The Cato Institute's amicus brief argues: "The English right to bear arms emerged in 1689, and in the century thereafter courts, Blackstone, and other authorities recognized it. They recognized a personal, individual right. It could not have been a federalism provision, and none of them conditioned it on military service -- depredations by the king's militia having provided one reason for it. Pre-existing restrictions fell away as the right developed after 1689, such that by the Second Amendment's adoption Americans had inherited a broadly applicable and robust individual right that had been settled for at least fifty years. This right of course had limits, but they did not intrude on the core right to keep firearms to defend home and family: They confirmed it."

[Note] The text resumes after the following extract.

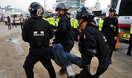 삼성전자서비스 충남 아산센터 앞에서 31일 경찰병력과 노동자들이 충돌한 일과 관련해 경찰의 ‘과잉 진압’ 논란이 일고 있다. 노동계와 법조계는 ...
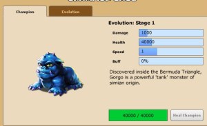 Just a little bit of a teaser. This is one of the three Champions that can attack any monster that goes near your base. This one is in its infancy though. The three are divided into a tank (strong defense), striker (strong attack) and buffer (increase stats). You can choose whatever you like. That little blue guy above is the tank.

In "Unholster the 2nd Amendment," Cato senior fellow Robert Levy writes: "Significantly, the 2nd Amendment refers explicitly to 'the right of the people,' not the rights of states or the militia. And the Bill of Rights is the section of our Constitution that deals exclusively with individual liberties. That is why there has been an outpouring of legal scholarship -- some from prominent liberals -- that recognizes the 2nd Amendment as securing the right of each individual to keep and bear arms.

"Considering the text, purpose, structure and history of our Constitution, and the clear weight of legal scholarship, it's time for the Supreme Court to revitalize the 2nd Amendment, which has lain dormant for nearly seven decades."